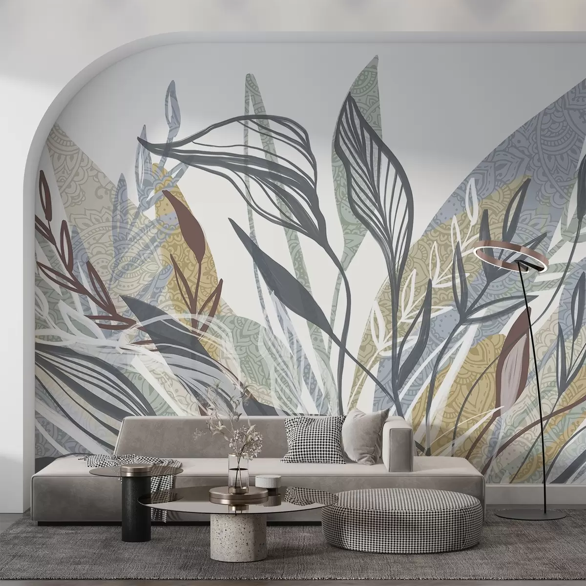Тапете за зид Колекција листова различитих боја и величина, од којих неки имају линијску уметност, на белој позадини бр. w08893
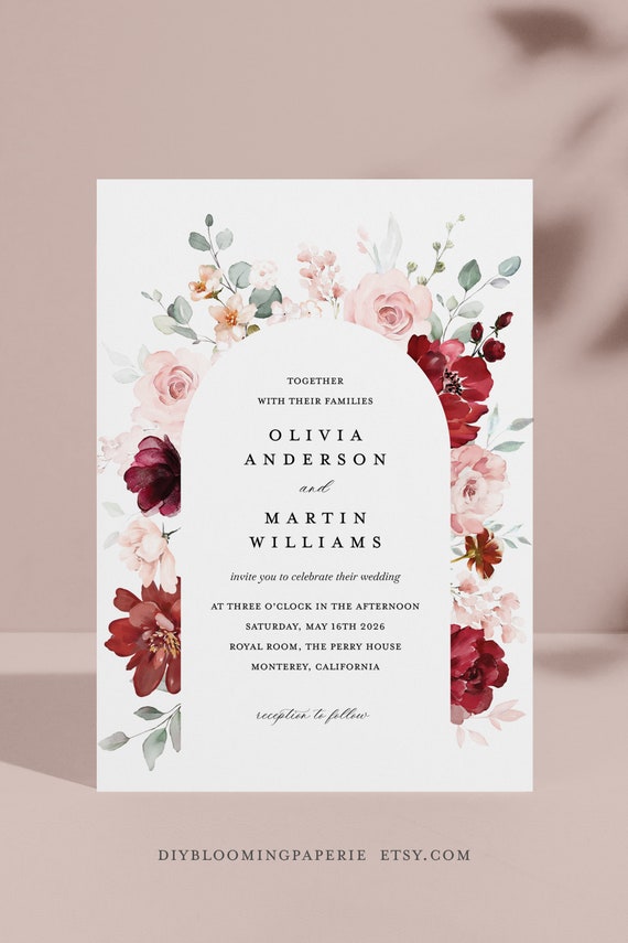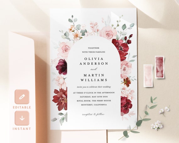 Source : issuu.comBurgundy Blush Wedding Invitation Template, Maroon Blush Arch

************

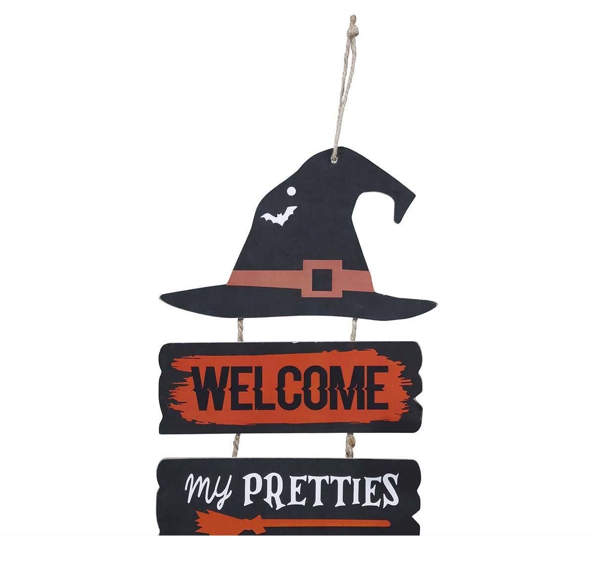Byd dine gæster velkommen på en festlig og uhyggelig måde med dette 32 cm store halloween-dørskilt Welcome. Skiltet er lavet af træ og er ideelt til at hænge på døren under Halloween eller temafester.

************

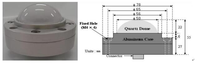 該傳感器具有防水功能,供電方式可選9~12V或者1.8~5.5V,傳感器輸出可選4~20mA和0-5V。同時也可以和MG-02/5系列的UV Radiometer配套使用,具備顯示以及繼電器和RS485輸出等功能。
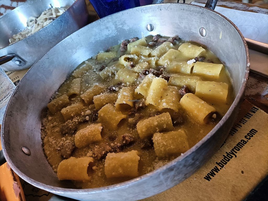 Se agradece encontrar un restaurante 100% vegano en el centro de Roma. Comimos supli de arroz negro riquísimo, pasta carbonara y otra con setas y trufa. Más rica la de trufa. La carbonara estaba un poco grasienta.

************

How to complete this task: Your answer is the exact run of lines above from the one with "Тапете за зид" through the one with "Source : issuu.comBurgundy", both ends included, minus any picture.

The completed task:
Тапете за зид Колекција листова различитих боја и величина, од којих неки имају линијску уметност, на белој позадини бр. w08893
 Source : issuu.comBurgundy Blush Wedding Invitation Template, Maroon Blush Arch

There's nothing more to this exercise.